The second reason is URBANIZATION. With more and more people migrating to large urban centres, the subsequent loss of “community values” serves to isolate us and take away our spiritual base. People living in big cities just DON’T CARE about their neighbours. There is no sense of community. Households look inward for their emotional sustenance.

So again, we are deprived of the foundation for finding real happiness in our lives.

But even if we were not DISTRACTED and DIVERTED from our search for genuine happiness by economic enslavement and urbanization, the question remains: What is it that we seek to fulfil in order to be happy?

Ultimately, I believe, it is to relieve the empty void that we feel within ourselves. So it really boils down to the age-old and ageless question of spirituality...

Which, of course, has no final answer. :-(

Happiness is Relative to Others’ Attainment

Happiness is relative not only to our personal past experience, but also to our social experience. We are always comparing ourselves to others. And we feel good or bad depending on whom we compare ourselves to.

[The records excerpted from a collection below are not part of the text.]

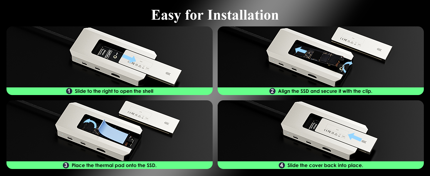 Additional design features: Supports 4K at 60 Hz, making it particularly suitable for demanding tasks such as gaming and video editing (DisplayPort 1.4). Equipped with a USB-A/C output with a transfer speed of 10 Gbit/s, enabling instant transfer and backup of photos, music, films and large files – simply perfect! A dedicated USB-A 2.0 port for wireless devices – incredibly convenient! Simply slide the cover open to quickly and easily install the SSD.
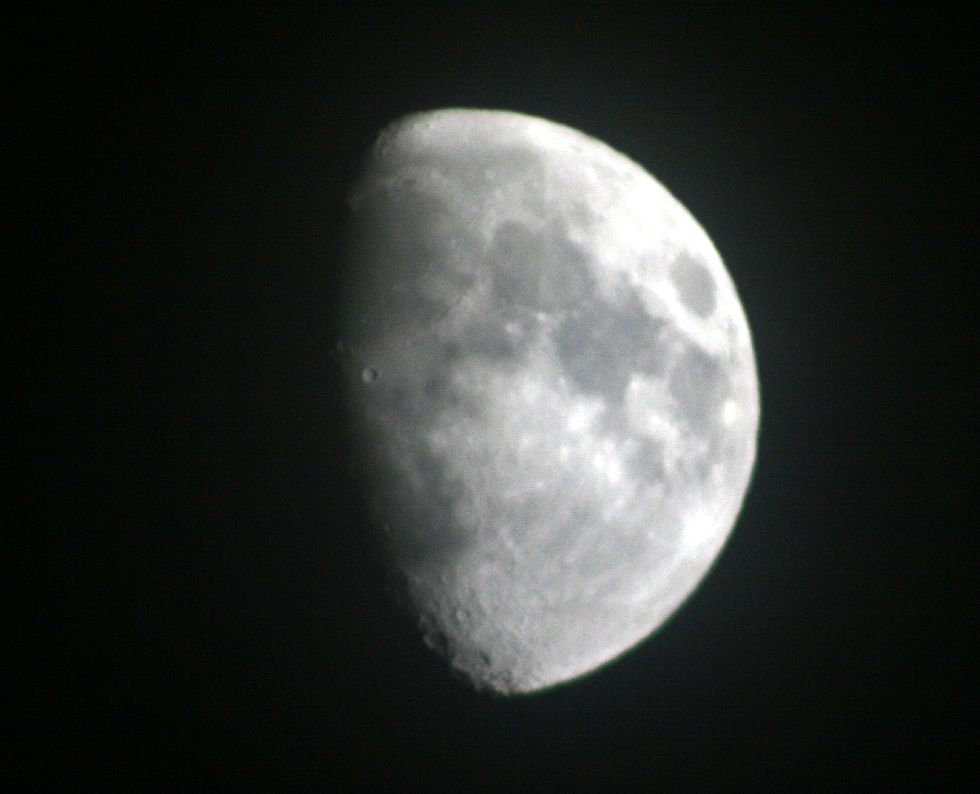 超望遠レンズで月を撮影やや薄雲が掛かっている、機材はCANON EOS30D+超望遠1200mm*1.5、露出:f14.9、1/125秒。 |
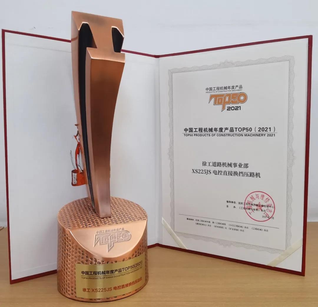 徐工XS225JS电控直接换挡压路机荣获中国工程机械年度产品TOP50(2021)
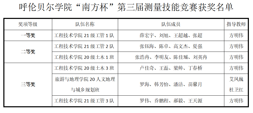 4月23日,由美加墨世界杯官网教务处主办,工程技术学院承办,南方测绘公司、内蒙古煤炭地质勘查(集团)一零九有限公司协办的“南方杯”第三届测量技能竞赛在世界杯官网成功举办。美加墨世界杯官网团委书记郝新君、教务处副处长姜作杰、工程技术学院副书记哈达、旅游与地理学院规划系主任艾凤巍等嘉宾出席竞赛现场。工程技术学院实验实训中心主任方明伟担任总裁判长,南方测绘公司、内蒙古煤炭地质勘查(集团)一零九有限公司的工程师担任裁判员。
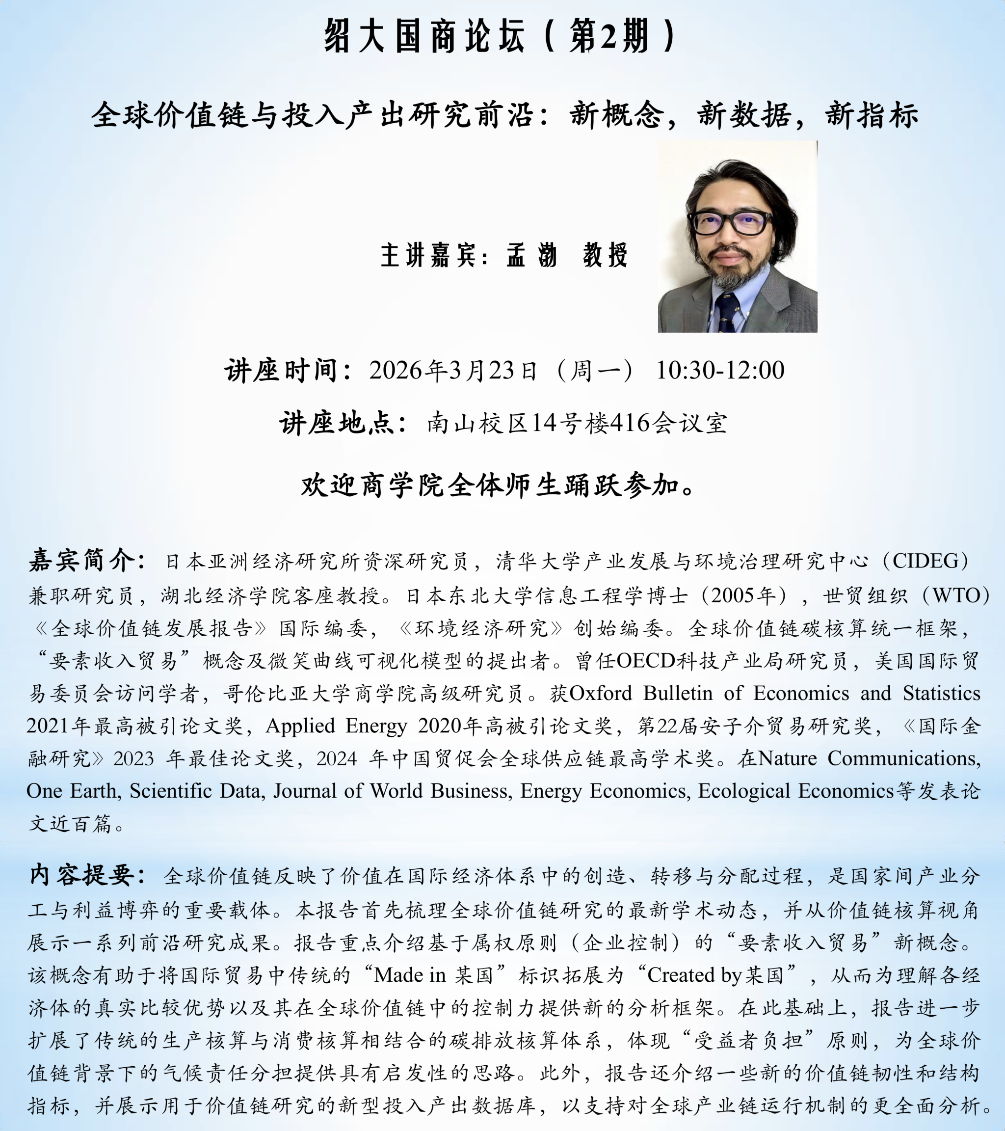 【讲座预告】绍大国商论坛(第2期) 全球价值链与投入产出研究前沿:新概念,新数据,新指标

This simple fact explains why if you escape poverty your happiness increases, yet, paradoxically, societies do not become happier as they progress from relative poverty to affluence. Because what we perceive as a “need” is socially determined, those who live in richer places and times have a higher standard of comparison. Today’s ghettos have more cars and TV sets than yesterday’s suburbs, yet the continuing inequalities leave those with small pieces of the growing pie no more satisfied. Today’s middle class has double the spending power of three decades ago, yet, because the rising tide lifts all boats, feels relatively deprived compared to their better-off neighbors.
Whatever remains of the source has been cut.